Des travaux antérieurs ont mis en lumière le comportement de ces allèles néandertaliens, qui sont des variants génétiques spécifiques. Ces études ont révélé qu’ils stimulent nos défenses contre les virus à ARN.
Ces agents pathogènes particuliers ont la caractéristique de provoquer des infections aiguës et localisées. Face à ces attaques directes, l’organisme bénéficie d’une protection renforcée grâce à cette empreinte du passé.
La dynamique s’inverse lorsqu’il s’agit des virus à ADN. Ces derniers se cachent dans notre corps pendant de longues périodes, produisant des effets retardés, systémiques et chroniques, contre lesquels notre constitution génétique semble offrir une tout autre réponse.
Les révélations issues de la UK Biobank

Afin de mesurer l’impact de notre ascendance néandertalienne sur notre réponse aux virus à ADN, les chercheurs ont recherché des corrélations entre ces allèles archaïques et les charges virales d’ADN. Ils ont analysé les données enregistrées chez un grand nombre de personnes au sein de la base de données de la UK Biobank.
Les auteurs de l’étude se sont concentrés sur des cibles précises. Leurs observations ont porté sur les charges virales du virus d’Epstein-Barr, de l’herpèsvirus humain 7, ainsi que de trois virus torque teno distincts.
Ces cinq virus à ADN présentent la particularité de rester dans le système des individus pendant de nombreuses années sans provoquer de symptômes.
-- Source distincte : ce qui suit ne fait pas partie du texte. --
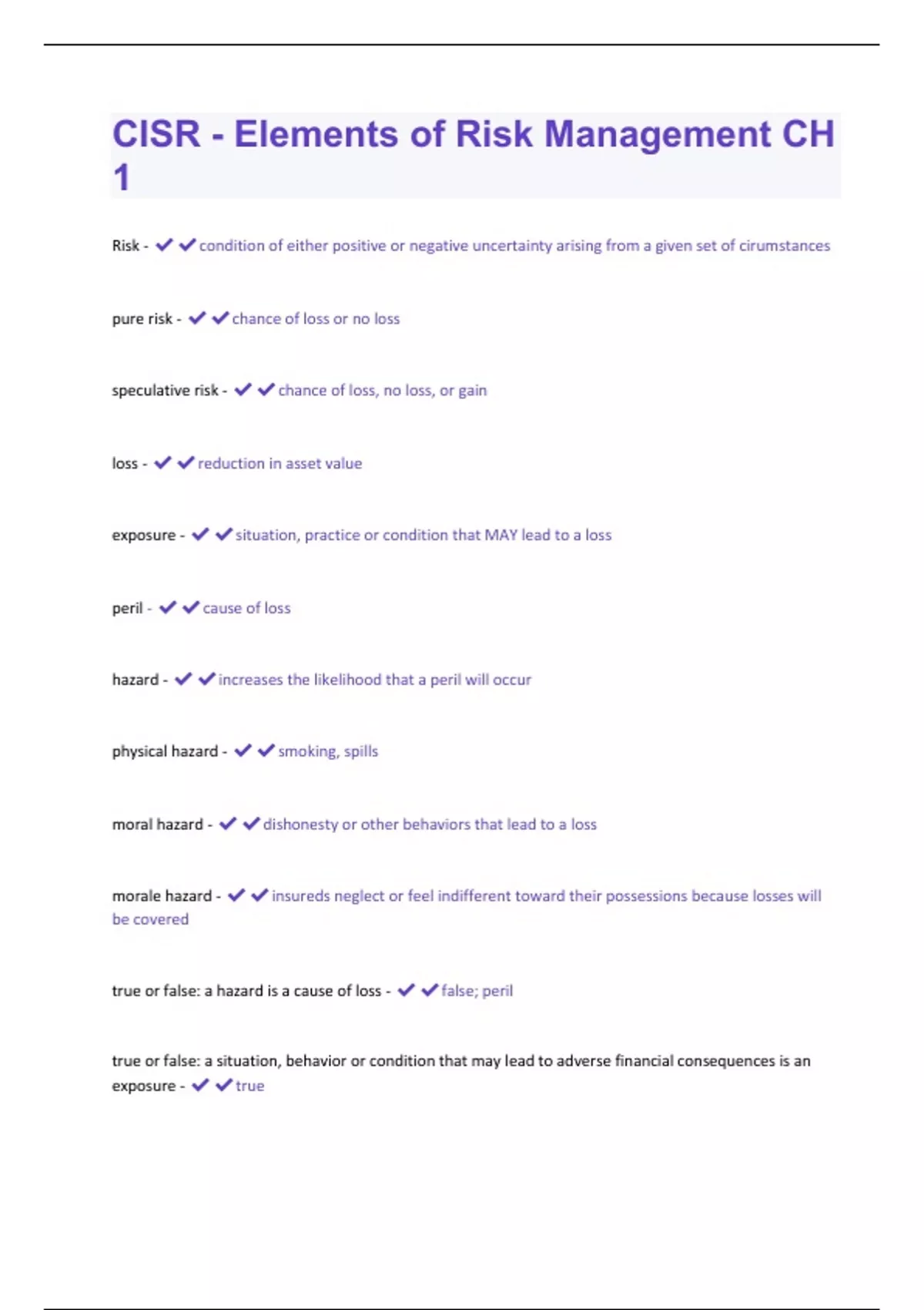 CISR - Elements of Risk Management CH 1 Questions With 100% Correct Answers.

Les charges virales donnent une indication fiable de la capacité du système immunitaire d’une personne à empêcher la réplication de ces agents pathogènes.
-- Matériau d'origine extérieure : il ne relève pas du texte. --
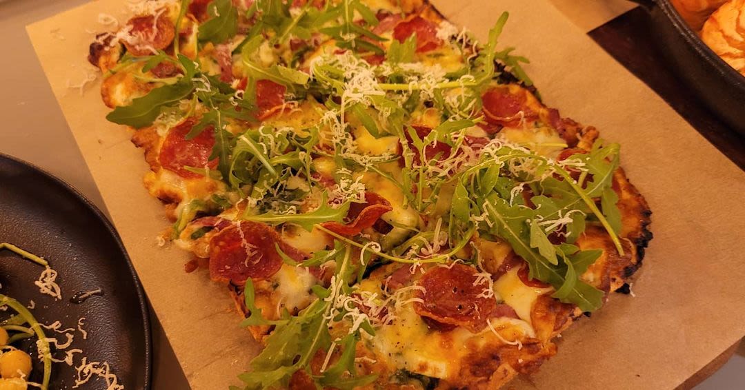 대파, 견과류, 페퍼로니 등을 토핑한 피자

L’identification de 18 zones génétiques clés

Les résultats de l’équipe scientifique indiquent globalement que l’ADN de Néandertal est corrélé à des charges virales plus élevées pour l’ensemble de ces cinq virus. En affinant leurs conclusions, les chercheurs ont pu identifier 18 régions génétiques différentes où les allèles archaïques semblent particulièrement liés à une augmentation de cette charge virale.
La majorité de ces régions se trouvent au sein du Complexe Majeur d’Histocompatibilité (CMH). Il s’agit d’un groupe de gènes qui codent pour des protéines de surface cellulaire, dont le rôle principal est d’aider le système immunitaire à identifier et à détruire les cellules infectées.
Deux autres groupes d’allèles néandertaliens ont été localisés sur le chromosome 17. Un haplotype dénisovien, qui correspond à un groupe de variants génétiques, a également été repéré dans le CMH et s’est révélé être associé à des charges virales plus élevées.
Le fossé temporel de l’évolution immunitaire

Michael Dannemann, professeur associé de génomique évolutive et co-auteur de l’étude, a partagé son analyse dans un communiqué. « Nos résultats suggèrent que les variants dérivés de Néandertal pourraient ne pas fournir une défense efficace contre plusieurs virus à ADN chez les personnes d’aujourd’hui », déclare le chercheur. « Cela contraste de manière frappante avec leurs effets bénéfiques précédemment rapportés sur l’immunité contre les virus à ARN. »
Cette observation s’explique par l’adaptation des Néandertaliens aux virus qui existaient durant le Paléolithique, potentiellement très différents de ceux qui circulent aujourd’hui. Les variants génétiques qui étaient bénéfiques dans la bataille contre ces anciens pathogènes peuvent s’avérer inefficaces face aux virus modernes. « Les effets directionnels sur la charge des virus à ADN observés dans notre étude peuvent donc ne pas refléter nécessairement ceux chez les [Néandertaliens] d’il y a des dizaines de milliers d’années, lorsque des souches virales différentes circulaient », écrivent les auteurs de l’étude.
Les gènes archaïques semblent mieux configurés pour combattre les virus à ARN que ceux à ADN, amenant l’équipe à avancer la suggestion que les Néandertaliens étaient spécifiquement adaptés aux premiers plutôt qu’aux seconds. « Nos résultats pourraient indiquer que les systèmes immunitaires [néandertaliens] étaient optimisés pour des infections aiguës plutôt que chroniques », concluent-ils dans leurs travaux publiés par la revue scientifique Genome Biology and Evolution.